Thursday, April 14, 2016

Some days are just hard.

I guess I'm feeling a little blue today.  I have so much to be grateful for, but when I see people I care for suffer, it brings me down.  I have spent the past two days checking on friends and waiting for my Grandsons surgery to be over at the hospital.  As I walked down the halls, I was passing people who's lives have been disrupted by illness or injury.  Life stops for those who enter the hospital, it's hard to imagine the world goes on as you lay there in bed wondering if this will be your last day on earth.  I'm grateful for the opportunity to tell one of my dear friends how much I love her.  At the same time, my heart ached as I left her room wondering if it would be our last encounter here on earth.

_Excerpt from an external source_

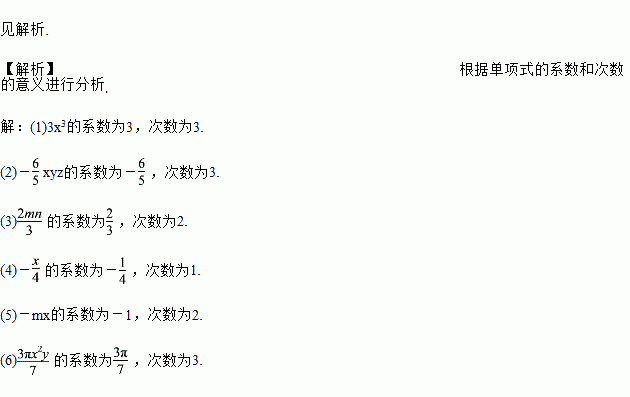 指出下列各单项式的系数和次数.
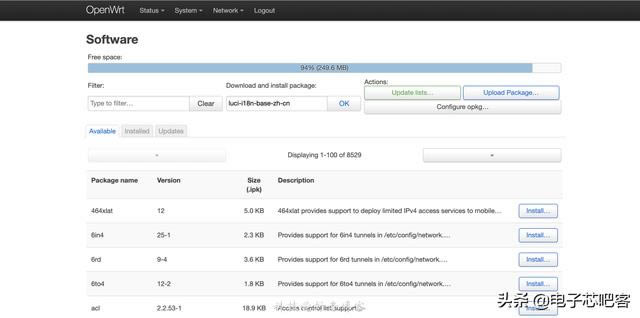 Openwrt安裝后是英文版,對(duì)普通人不友好,可以通過(guò)安裝中文漢化包來(lái)解決。步驟如下: 1.更新Openwrt軟件包

My quilting friends life abruptly changed a few months ago, by one fall.  She was scurrying out the door to make it to church on time, when she caught her shoe on a crack in the cement.  Down she went with nothing to break her fall, but her forehead.  She slammed her head on the corner of the concrete step, whipping her head back in a violent snap.  There she lay, not being able to move.  "This is it", she thought, before calling out for help.  Luckily her Grandson was at her home, because her deaf husband wouldn't have been able to answer her desperate call for help.  "Call 911", she told him, "I'm paralyzed!"  By the time the ambulance got there, she was able to wiggle her toes and her left fingers.  She was diagnosed as suffering a zinger, similar to an injury bull riders often get, being jerked back and forth on a raging bull.  Needless to say, she has spent several weeks in rehab, and is in a confining neck brace.  Gradually, her mobility is returning, but it has been a slow process.  She was readmitted into the hospital yesterday, with a blood clot in her lung.  I was devastated by this news!  She has perfect health, yet a fall can disrupt her life like this.  I immediately fell to my knees to pray for her.  She certainly was blessed with a home health nurse, that was not going to ignore the signs she was showing.  They were able to put her on blood thinner, and she should be able to go home tomorrow.  Of course, she is still in the throws of physical therapy, still working on regaining her fine motor skills and being able to keep her balance.  I hate wake up calls, literally, but this was one for me.

I appreciated all the help that was offered on helping Linda get her garage cleaned out.  But this too, was difficult for me.  I have loved and adored the Stout family.  Seeing Linda struggling to take care of her home and the affairs of her family on her own is hard for me.  Lynn served as our home teacher for years.  He has been such a hard worker.  If we had a ward party, he was there to help do anything he could to help.  He was my angel to lift heavy things, set up tables or whatever I needed help with.  I will always think of the Ward Pine Valley Party as Lynn Stouts.  He would be up there before anyone, setting up, warming coals and preparing to make it easier for everyone.  Linda would always slave over a huge pan of baked beans that everyone looked forward to having.  Now I think of Lynn at the VA House in Ivins, and it breaks my heart.  He served diligently for the United States in Vietnam, and is now paying the price of being exposed to agent orange.

I guess I shouldn't feel blue, I should feel blessed to have known the many people who have touched my life.  If you don't know it, I cherish my friendship with every person in our ward.  We have connections in different ways, but my love for each of you is real.

Thank you for being my friend and my strength!